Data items

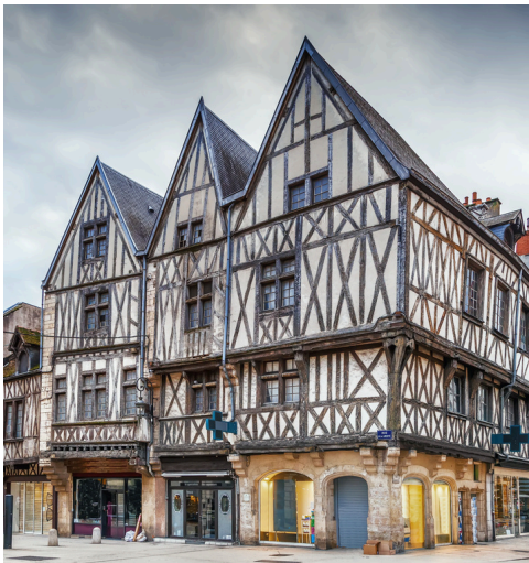
Dijon, France DIJON OLD TOWN 第戎老城
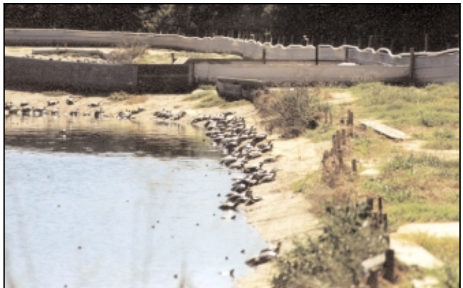
Turtles leave pond to nest.

Eggs are initially washed for 5 to 10 minutes at 95 to 100 °F (35 to 38 °C) with a dilute chlorine solution made by adding 3 to 4 teaspoons of fresh commercial chlorine bleach to 1 gallon of clean water (4 to 5 ml of bleach per liter of water). Eggs are usually washed in machines developed for the poultry industry. Then they are thoroughly rinsed and dried. The next step is to infuse the developing eggs with antibiotics to prevent any salmonella infections from progressing. An antibiotic such as Garasol ® (gentamicin) is used as a dip solution (1000 ppm gentamicin) in a vacuum chamber. Suitable chambers are available from a variety of commercial suppliers. Egg baskets are immersed in the solution and the chamber sealed. A 25- to 27-inch (63- to 69-cm) vacuum is held for 5 minutes, then released slowly.
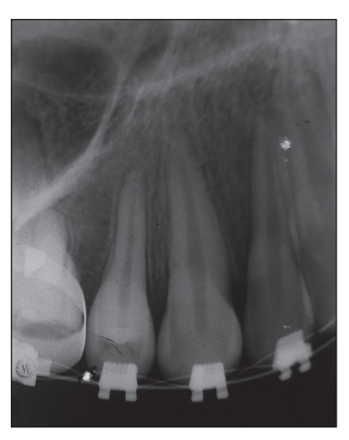
Figure 3: Six months postretraction intra oral peri-apical radiograph

selected as a control site. The space present on both the sites was recorded for both the groups at baseline as well as at an interval of 1 month.
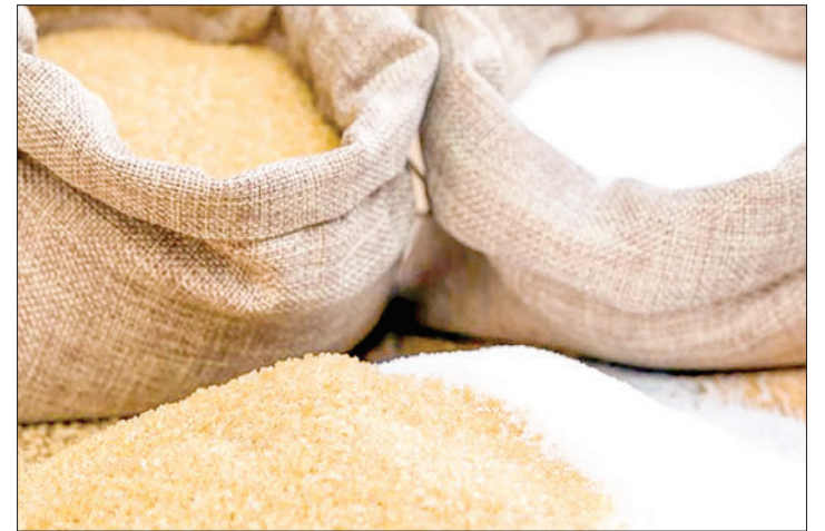
Sugar is seen being displayed for sale at the market.

Myanmar's annual sugar production is estimated at 450,000 tonnes. Myanmar earlier sent sugar to China and Viet Nam beyond self-sufficiency.
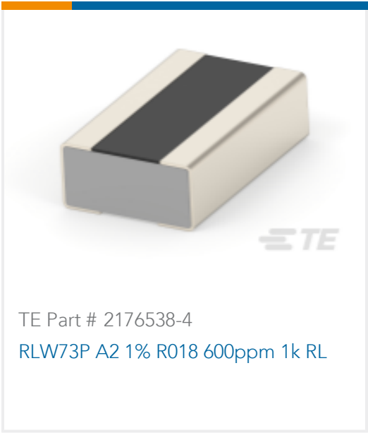
TE Part # 2176538-4 RLW73P A2 1% R018 600ppm 1k RL
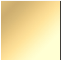
Satin Gold - SGD
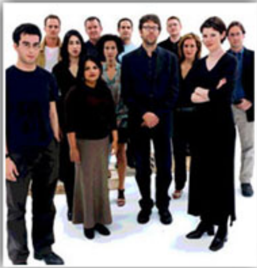
Some of the new faces on America's literary scene.

One of the more interesting things about writing criticism for many years is that from time to time I am called upon to revisit a particular author or development, at which point I usually discover not only how much my tastes and inclinations have changed, but also that my subjects have refused to stay embalmed in the mummy-wrap of what I used to think. This has been borne out most vividly recently, as I have been asked to venture a concise overview assessment of the state of
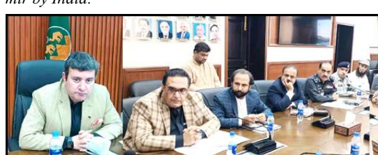
QUETTA: Balochistan Chief Secretary Shakeel Qadir Khan presiding over a meeting regarding development projects, betterment in traffic management and building code

As Indian troops had invaded Jammu and Kashmir on 27th October in 1947, the days is observed by Kashmiris as 'Black Day' to convey a strong message to the world that they reject the illegal occupation of Jammu and Kashmir by India.
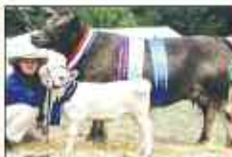
Rainbow Estate Mare Y15
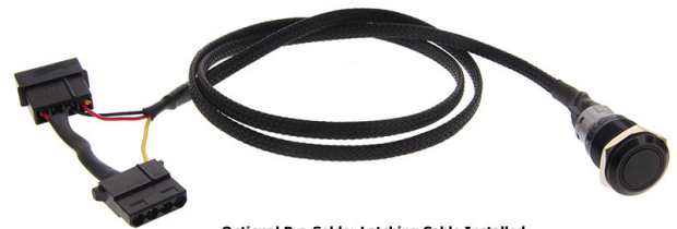
Optional Pro-Solder Latching Cable Installed
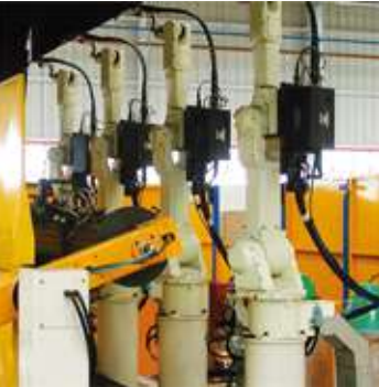
Robot manufacturers and system integrators
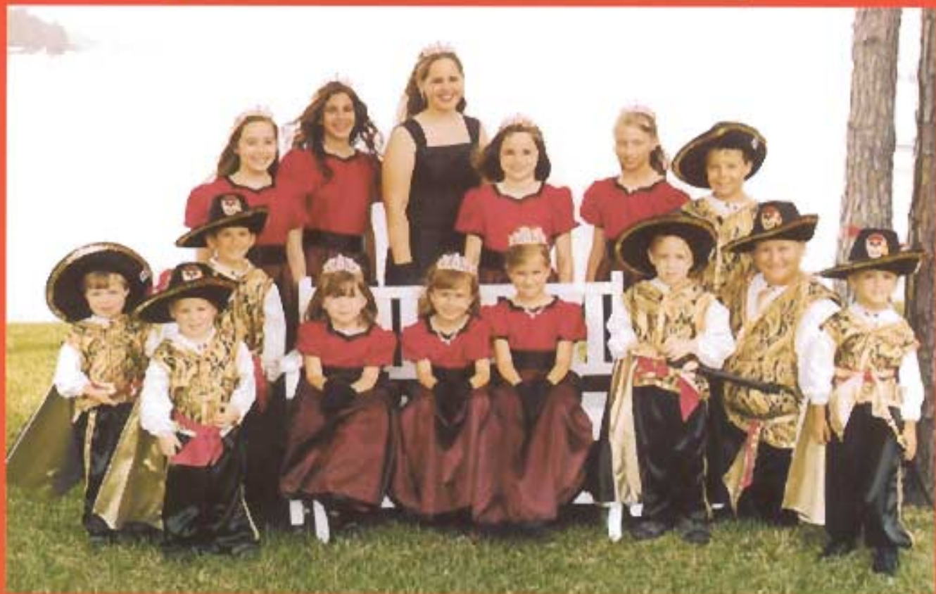
Children of the Court!!!
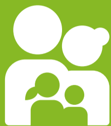
Standard 1 PARTICIPATION
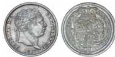
1941* George III , new coinage, shilling, laureate head, 1817 (S.3790). Good extremely fine.
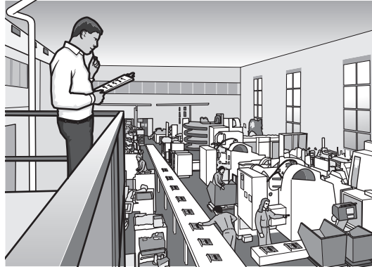
Fig. 4.1 'getting on the balcony'

PROBLEM TO SOLVE:
Only the lines from the line with "Figure 3: Six" to the end of the records should be repeated, exactly and without pictures.

SOLUTION TO THIS TASK:
Figure 3: Six months postretraction intra oral peri-apical radiograph

selected as a control site. The space present on both the sites was recorded for both the groups at baseline as well as at an interval of 1 month.
Sugar is seen being displayed for sale at the market.

Myanmar's annual sugar production is estimated at 450,000 tonnes. Myanmar earlier sent sugar to China and Viet Nam beyond self-sufficiency.
TE Part # 2176538-4 RLW73P A2 1% R018 600ppm 1k RL
Satin Gold - SGD
Some of the new faces on America's literary scene.

One of the more interesting things about writing criticism for many years is that from time to time I am called upon to revisit a particular author or development, at which point I usually discover not only how much my tastes and inclinations have changed, but also that my subjects have refused to stay embalmed in the mummy-wrap of what I used to think. This has been borne out most vividly recently, as I have been asked to venture a concise overview assessment of the state of
QUETTA: Balochistan Chief Secretary Shakeel Qadir Khan presiding over a meeting regarding development projects, betterment in traffic management and building code

As Indian troops had invaded Jammu and Kashmir on 27th October in 1947, the days is observed by Kashmiris as 'Black Day' to convey a strong message to the world that they reject the illegal occupation of Jammu and Kashmir by India.
Rainbow Estate Mare Y15
Optional Pro-Solder Latching Cable Installed
Robot manufacturers and system integrators
Children of the Court!!!
Standard 1 PARTICIPATION
1941* George III , new coinage, shilling, laureate head, 1817 (S.3790). Good extremely fine.
Fig. 4.1 'getting on the balcony'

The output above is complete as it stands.